Für Insolvenzverwalter eröffnen sich durch die Integration intelligenter Technologien vielfältige Möglichkeiten, ihre Arbeitsabläufe effizienter zu gestalten und gleichzeitig die Qualität ihrer Dienstleistungen zu verbessern. Einige Beispiele sind:

Digitale Aktenverwaltung und Dokumentation

Die traditionelle Papierarbeit in der Insolvenzverwaltung ist zeitaufwendig und anfällig für potenzielle Fehler. Durch die Einführung einer digitalen Dokumentenverwaltung können Insolvenzverwalter sämtliche Unterlagen, Dokumente und Korrespondenzen zentral und organisiert speichern und bearbeiten.
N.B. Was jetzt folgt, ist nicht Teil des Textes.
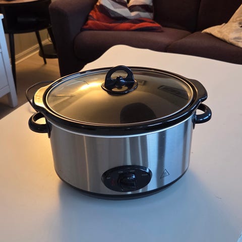 OBH Nordica Saveur Slow Cooker med en kapasitet på 4,7 liter. En svart slow cooker som brukes til langsom tilberedning av mat. Utstyrt med glasslokk og justerbar temperaturkontroll.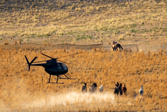 The Bureau of Land Management has contracted with a livestock roundup company which is being paid hundreds of dollars per head to use a helicopter to drive horses into pens. The plan is to gather about 400 of the estimated 500 horse that occupy the Onaqui herd management area, one of 19 that BLM oversees in Utah. The agency says most ranges are overpopulated with free-roaming horses and burros that are degrading the land, and expects to conduct additional roundups this year.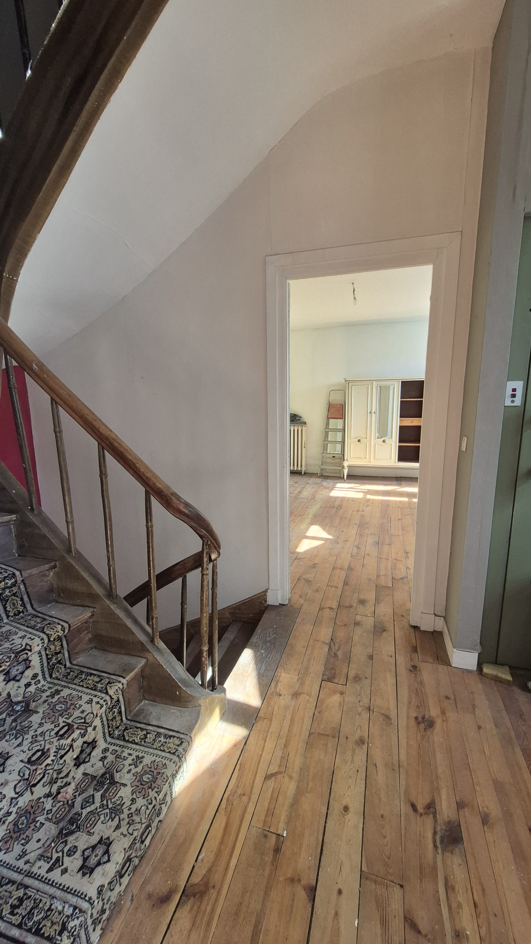 La première maison, construite dans les années 1930, offre de beaux volumes et beaucoup de cachet : parquets bois, cheminées..
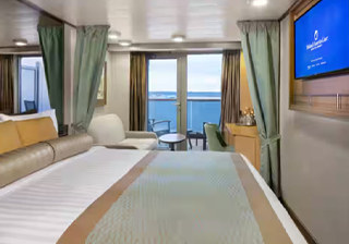 这些豪华客舱拥有落地窗,可俯瞰私人阳台,自然光充盈室内。客舱内设休息区,两张下铺床可转换为一张特大号床——即我们标志性的Mariner\'s Dream™床,配有豪华欧式顶垫床垫,并配备带高端按摩花洒的淋浴设施。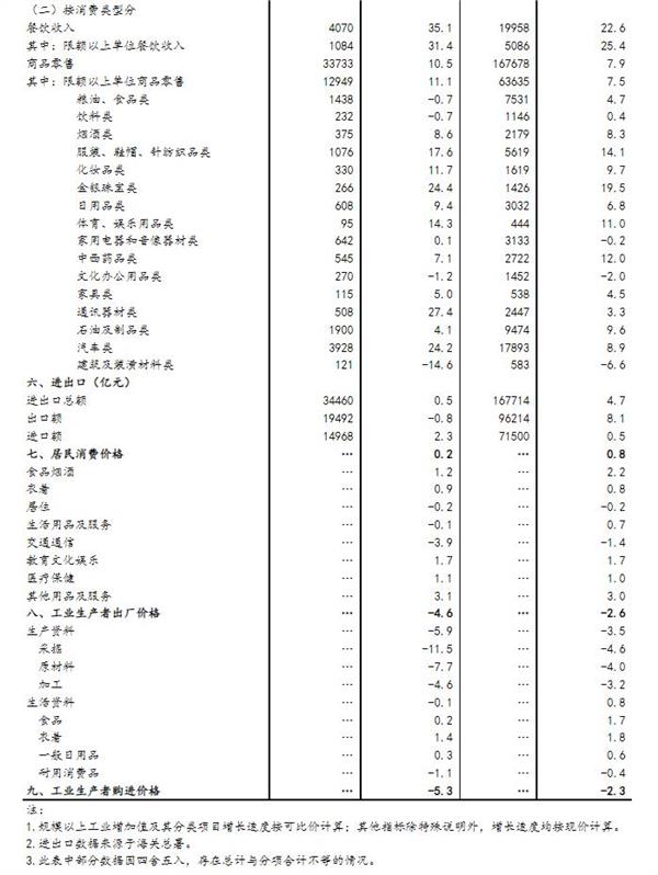 (1)规模以上工业增加值及其分类项目增长速度按可比价计算,为实际增长速度;其他指标除特殊说明外,均按现价计算,为名义增长速度。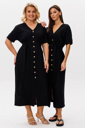 Скрытые карманы в боковых швах сохраняют лаконичность силуэта, оставаясь практичными для повседневной носки. Декоративный пояс в комплекте позволяет менять образ: затяните его для подчеркивания талии или оставьте платье свободным для расслабленного лука.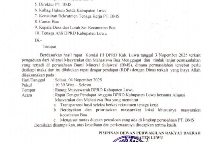 Hal tersebut DPRD Luwu mengeluarkan surat pemanggilan kepada pihak perusahaan dan pemerintah daerah yang terkait dengan ketenagakerjaan untuk duduk bersama dalam dengar pendapat (RDP),yang di jadwalkan akan berlangsung pada hari Selasa,4 November 2025.pada pukul: 10:30 Wita.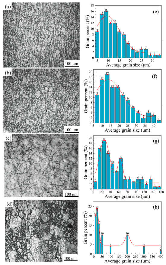 The microstructure photos and corresponding grain size distributions of the alloy after hot deformation and over-solution treatment. Hot deformation conditions: (a) 1020 °C, reduction 30%, reduction rate 0.005 s−1; (b) 1070 °C, reduction 10%, reduction rate 0.1 s−1; (c) 1090 °C, reduction 30%, reduction rate 0.005 s−1; (d) 1070 °C, reduction 30%, reduction rate 0.3 s−1. The grain size distributions of (a–d) correspond to (e–h).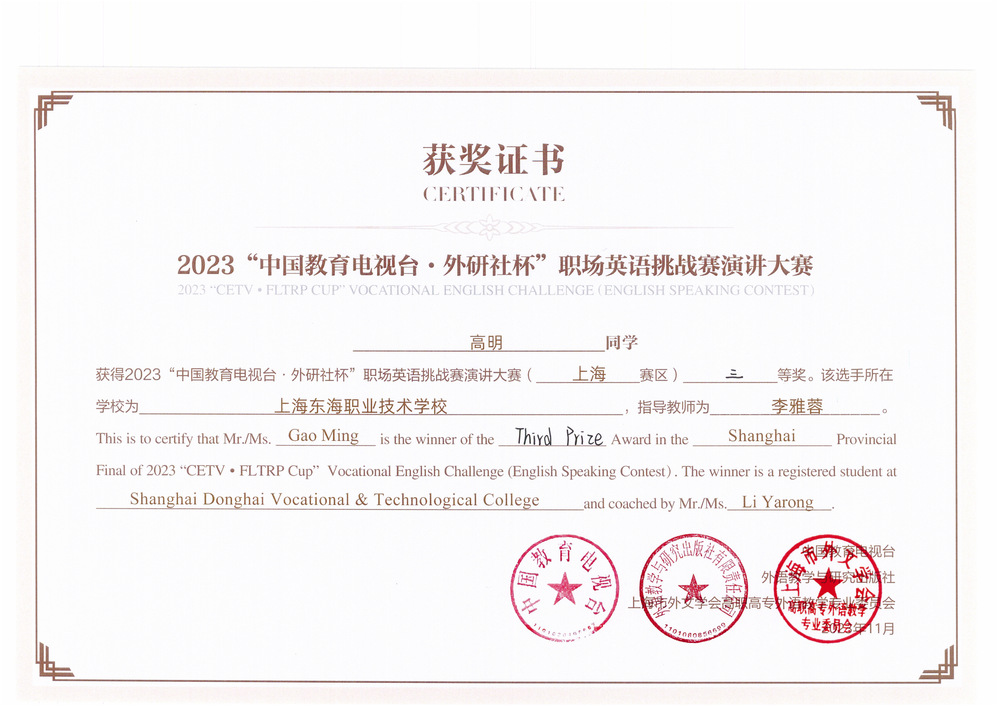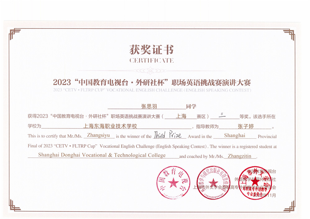 11月11日,2023“中国教育电视台 外研社杯”职场英语挑战赛演讲大赛上海赛区复赛传来捷报,我校关务222班张思羽、护理2311班沈沁语、会计236班高明三名选手均获得三等奖。此次比赛由上海电子信息技术学院承办,共有来自上海17所高职院校(包括公办院校和私立院校)的51名学生参赛。

Dies ermöglicht nicht nur einen schnelleren Zugriff auf benötigte Informationen, sondern trägt auch dazu bei, den Platzbedarf für physische Dokumente zu reduzieren.

Automatisierte Dokumentationsprozesse erleichtern zudem die Nachverfolgung von Aktivitäten und die Einhaltung gesetzlicher Vorschriften. Darüber hinaus unterstützt eine digitale Aktenverwaltung die Zusammenarbeit verschiedener Parteien, da diese gleichzeitig auf relevante Informationen zugreifen können, was wiederum die Transparenz und Effizienz fördert.

Planen Sie die Einführung einer digitalen Dokumentenverwaltung und möchten ausführlichere Informationen erhalten? Nehmen Sie jederzeit Kontakt auf. Unsere Experten beraten Sie gerne.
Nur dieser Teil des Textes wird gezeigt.